Re: XMatchStep -- A New MatchStep for GA?

Posted by Stephen Mallette <sp...@gmail.com>.
I wanted to see what kind of test coverage existed over XMatch so I quickly
swapped xmatch for match.  I'm not sure if additional work needs to be
done, but several tests don't pass under xmatch - perhaps the answer there
is trivial when you dig into it.  In any case, as it stands with the
failing tests, XMatchStep has reasonable coverage, though a few more
targeted tests to cover those areas would give me more confidence in a +1
for GA.

On Wed, Jun 17, 2015 at 9:37 PM, Matthias Broecheler <me...@matthiasb.com>
wrote:

> +1 - I like the consolidation around the different traversal concepts and
> the resulting simplification where execution is more orthogonal from
> optimization.
>
> On Wed, Jun 17, 2015 at 5:03 PM Joshua Shinavier <jo...@fortytwo.net>
> wrote:
>
> > No objection.  The code is simpler, and it seems like a good course
> > correction w.r.t. traversal optimization.  Might be possible to drop in
> > something close to the current MatchStep (*) as an alternative if
> desired.
> >
> > Best,
> >
> > Josh
> >
> > *) basically, keep track of the inputs and outputs of each component
> > traversal of the match, build a plan which minimizes the likely cost of
> > running the next element through the plan, keep updating the plan
> >
> >
> > On Wed, Jun 17, 2015 at 6:05 PM, Marko Rodriguez <ok...@gmail.com>
> > wrote:
> >
> > > Hello,
> > >
> > > For the last week or so I've been working on XMatchStep w/ Kuppitz.
> What
> > > spurned this was my burning desire to get and/or/not settled by GA and
> > > where()/match() are the culprits that leverage it the most.

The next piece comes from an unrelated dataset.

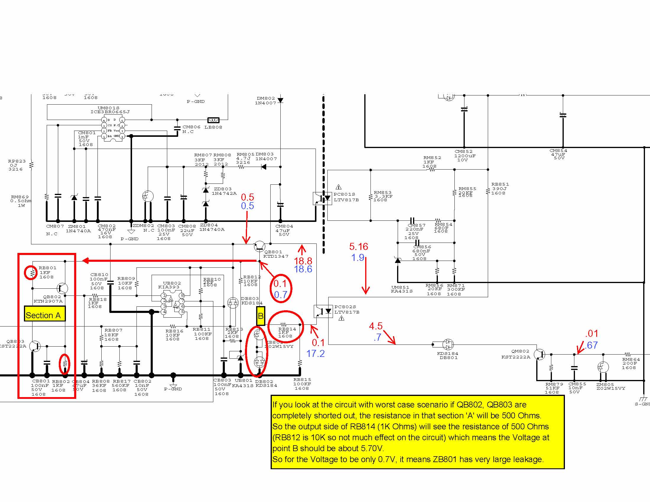 Hi Bud, OK, here is the latest with some crazy theories so bare with me. We pulled the 15 volt zener and tested it, found regulating properly so refitted it. Now to save putting the board in and out of the TV, I decided to rig up a variable DC supply to the collector of the opto coupler with a 1 amp diode bridging the opto to simulate it turned on and powered up the bench supply. low and behold, 15 volts at the emitter of QB801. Pulled Fuse FM802S and fed a second low voltage DC supply into the junction of resistor RB807 and RB816 to simulate the divided sensing voltage from the PFC. The figure I calculated if the PFC was running at 400VDC (approx. value) would be 2.78 volts. At this sensing voltage, the regulator kept running. I increased the sensing voltage until the op amp tripped and this happened at 3.6 V ( converted over the voltage divider network, this would be approx. 510V PFC). When the op amp tripped, the result at QB801 was exactly what we saw when installed in the TV, Collector volts at 18, 0.7 on the base and 0.5 on the emitter. All this at the moment makes me think that when the PSU is installed, the PFC is actually overvolting and tripping the voltage sensor (UB802) and shutting down the PFC controller. A quick check of RP809,810,811,812,813 and 814 the values appear good in circuit. I am looking at the PFC controller (UP801) as the possible culprit.

In fact,
> > along
> > > with XMatchStep, WhereStep has gotten a massive revamping for the
> better.
> > > Anywho, first off, XMatchStep:
> > >
> > > ..simple, elegant -- easy, breezy, cover girl:
> > >
> > >
> > >
> >
> https://github.com/apache/incubator-tinkerpop/blob/ebb0fd69821857ecefecf9222983c2bd0e189650/gremlin-core/src/main/java/org/apache/tinkerpop/gremlin/process/traversal/step/filter/exp/XMatchStep.java
> > >
> > > It is now at a point where it is passing all the MatchTest tests  (save
> > > one -- whose expected results are up to debate) and is comparable in
> > > performance to the original MatchStep developed by Josh Shinavier
> (cc:d)
> > > which leverages Matthias Bröcheler's budget match algorithm.
> > >
> > > There are a few things about XMatchStep that make it "better" than the
> > > current/original MatchStep:
> > >
> > >         1. Works for both OLAP and OLTP.
> > >         2. Supports nested AND/OR'ing.
> > >         3. Supports pluggable "match algorithms." (i.e. pattern
> execution
> > > plan)
> > >         4. Maintains no runtime state (fully functional).
> > >         5. Uses the more recent advances in TinkerPop's Step framework.
> > >                 e.g. Scoping, ComputerAwareStep, ConjunctionStep, etc.
> > >         6. Supports a broader range of legal patterns.
> > >         7. Supports local barrier patterns (i.e. count(), min(), max(),
> > > etc.).
> > >         8. Supports sideEffects (i.e. as('a').within("x"))
> > >         9. Supports pulling out HasContainers for GraphStep index
> > lookups.
> > >         10. Supports not'ing patterns [coming soon].
> > >
> > > Below are the runtimes for some pattern matches over the Grateful Dead
> > > graph. The xmatch()-times specified are using CountMatchAlgorithm which
> > is
> > > basically "dynamically sort the match pattern execution plan according
> to
> > > each pattern's set reduction abilities."
> > >
> > >         MatchStep vs. XMatchStep:
> > > https://gist.github.com/okram/d49e1abf48fdc18f77f9
> > >
> > >         CountMatchAlgorithm:
> > >
> >
> https://github.com/apache/incubator-tinkerpop/blob/ebb0fd69821857ecefecf9222983c2bd0e189650/gremlin-core/src/main/java/org/apache/tinkerpop/gremlin/process/traversal/step/filter/exp/XMatchStep.java#L451
> > >
> > > As it stands, it seems that the simple CountMatchAlgorithm is
> sufficient
> > > to perform better than MatchStep's budget match implementation.
> However,
> > as
> > > we do more queries and learn more tricks we can always add more match
> > > algorithms. Easy breezy -- yes, cover girl.
> > >
> > > In sum total, I would like to replace MatchStep with XMatchStep for GA.
> > If
> > > anyone has any thoughts/arguments on the matter, please state them.
> > >
> > > Thank you,
> > > Marko.
> > >
> > > http://markorodriguez.com
> > >
> > >
> >
>

Re: XMatchStep -- A New MatchStep for GA?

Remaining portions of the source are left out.